[Dataset records]
-------------------------
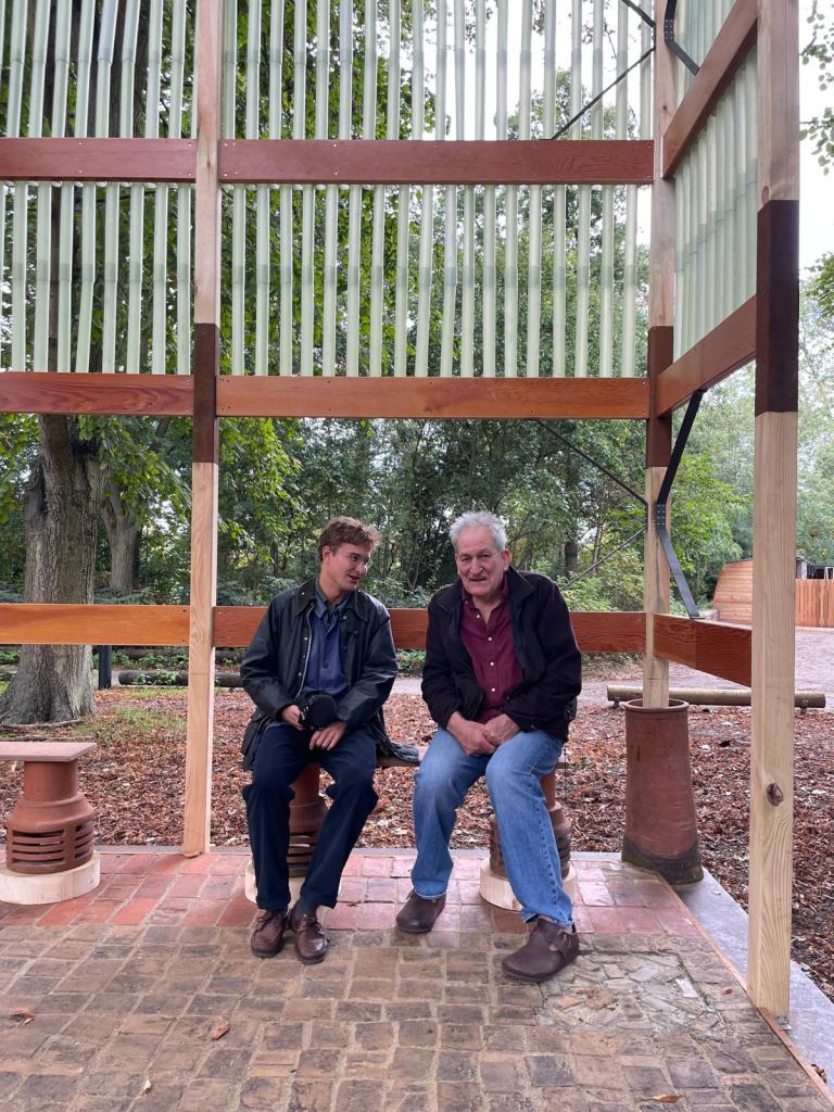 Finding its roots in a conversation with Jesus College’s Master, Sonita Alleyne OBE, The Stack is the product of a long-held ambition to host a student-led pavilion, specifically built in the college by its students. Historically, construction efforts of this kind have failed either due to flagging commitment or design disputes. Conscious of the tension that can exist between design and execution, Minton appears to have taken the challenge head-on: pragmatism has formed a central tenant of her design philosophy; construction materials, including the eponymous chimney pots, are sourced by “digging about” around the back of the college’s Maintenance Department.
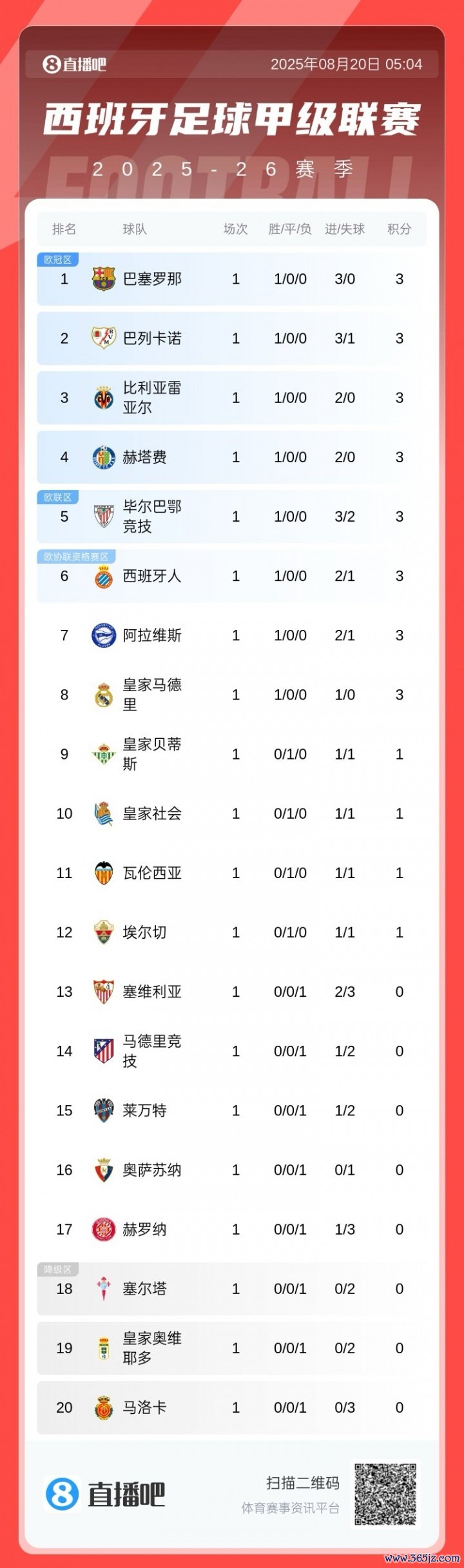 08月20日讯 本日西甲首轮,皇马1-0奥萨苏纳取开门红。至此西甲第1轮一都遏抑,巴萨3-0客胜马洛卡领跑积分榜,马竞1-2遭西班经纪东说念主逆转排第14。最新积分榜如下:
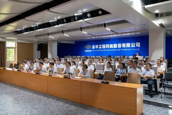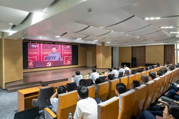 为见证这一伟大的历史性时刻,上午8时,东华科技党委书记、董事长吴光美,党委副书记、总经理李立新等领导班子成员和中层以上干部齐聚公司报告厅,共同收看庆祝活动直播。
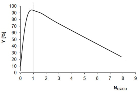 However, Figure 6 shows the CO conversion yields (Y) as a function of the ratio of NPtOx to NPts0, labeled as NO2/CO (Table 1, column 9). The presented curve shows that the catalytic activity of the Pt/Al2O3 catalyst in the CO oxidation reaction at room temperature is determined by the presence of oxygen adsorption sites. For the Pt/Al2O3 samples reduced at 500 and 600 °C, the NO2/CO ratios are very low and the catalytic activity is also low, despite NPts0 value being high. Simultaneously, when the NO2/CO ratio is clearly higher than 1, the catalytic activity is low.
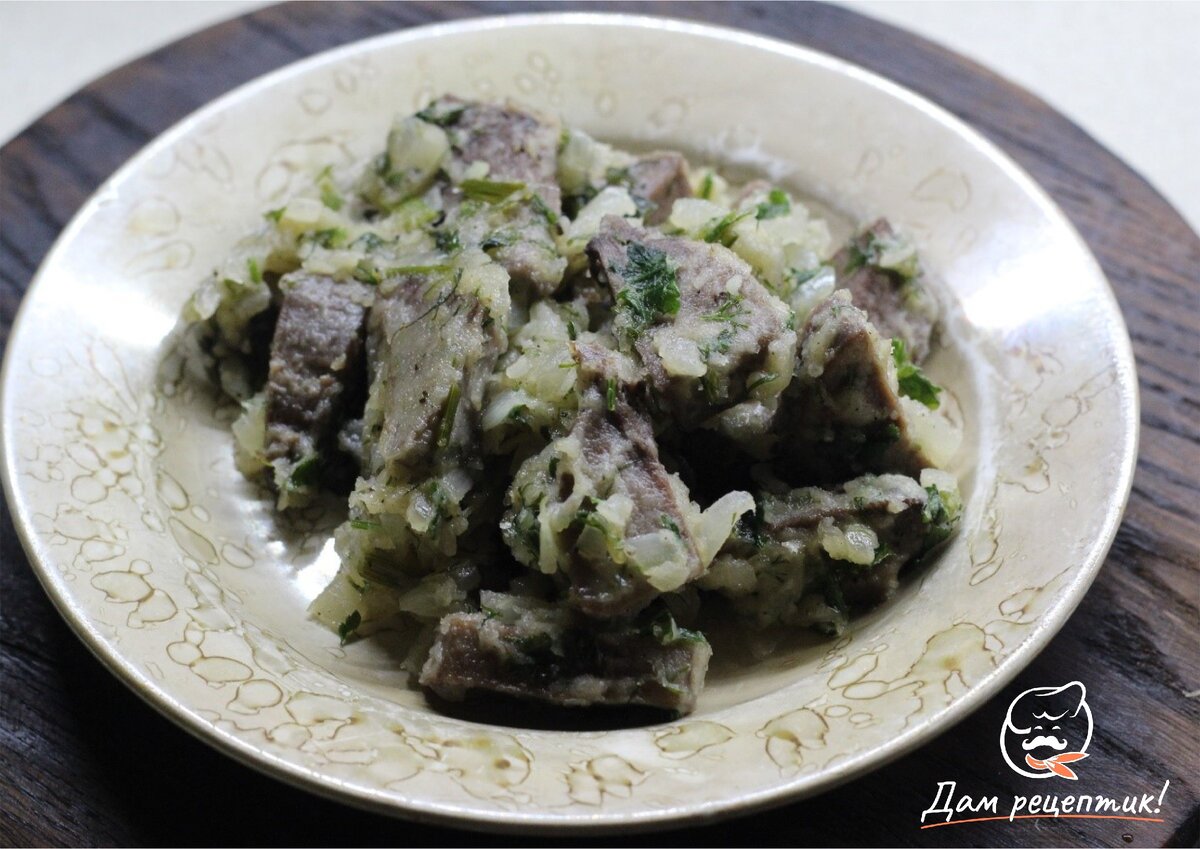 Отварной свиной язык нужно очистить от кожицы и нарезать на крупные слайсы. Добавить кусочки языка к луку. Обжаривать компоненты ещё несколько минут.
-------------------------
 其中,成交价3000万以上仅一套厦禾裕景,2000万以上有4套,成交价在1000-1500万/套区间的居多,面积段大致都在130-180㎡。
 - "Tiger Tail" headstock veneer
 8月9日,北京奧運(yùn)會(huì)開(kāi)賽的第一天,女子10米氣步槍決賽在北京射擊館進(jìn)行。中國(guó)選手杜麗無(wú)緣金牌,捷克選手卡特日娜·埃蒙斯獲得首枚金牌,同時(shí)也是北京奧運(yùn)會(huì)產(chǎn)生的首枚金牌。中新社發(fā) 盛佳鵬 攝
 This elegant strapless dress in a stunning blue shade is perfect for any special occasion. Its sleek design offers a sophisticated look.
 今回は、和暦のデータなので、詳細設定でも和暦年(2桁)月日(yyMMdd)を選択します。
-------------------------
[TASK INSTRUCTIONS]: A verbatim reproduction is expected: starting at the line above that has "Finding its roots", ending at the line that has "Отварной свиной язык", both included, and with no pictures and no other lines.

[ANSWER BOX]:
 Finding its roots in a conversation with Jesus College’s Master, Sonita Alleyne OBE, The Stack is the product of a long-held ambition to host a student-led pavilion, specifically built in the college by its students. Historically, construction efforts of this kind have failed either due to flagging commitment or design disputes. Conscious of the tension that can exist between design and execution, Minton appears to have taken the challenge head-on: pragmatism has formed a central tenant of her design philosophy; construction materials, including the eponymous chimney pots, are sourced by “digging about” around the back of the college’s Maintenance Department.
 08月20日讯 本日西甲首轮,皇马1-0奥萨苏纳取开门红。至此西甲第1轮一都遏抑,巴萨3-0客胜马洛卡领跑积分榜,马竞1-2遭西班经纪东说念主逆转排第14。最新积分榜如下:
 为见证这一伟大的历史性时刻,上午8时,东华科技党委书记、董事长吴光美,党委副书记、总经理李立新等领导班子成员和中层以上干部齐聚公司报告厅,共同收看庆祝活动直播。
 However, Figure 6 shows the CO conversion yields (Y) as a function of the ratio of NPtOx to NPts0, labeled as NO2/CO (Table 1, column 9). The presented curve shows that the catalytic activity of the Pt/Al2O3 catalyst in the CO oxidation reaction at room temperature is determined by the presence of oxygen adsorption sites. For the Pt/Al2O3 samples reduced at 500 and 600 °C, the NO2/CO ratios are very low and the catalytic activity is also low, despite NPts0 value being high. Simultaneously, when the NO2/CO ratio is clearly higher than 1, the catalytic activity is low.
 Отварной свиной язык нужно очистить от кожицы и нарезать на крупные слайсы. Добавить кусочки языка к луку. Обжаривать компоненты ещё несколько минут.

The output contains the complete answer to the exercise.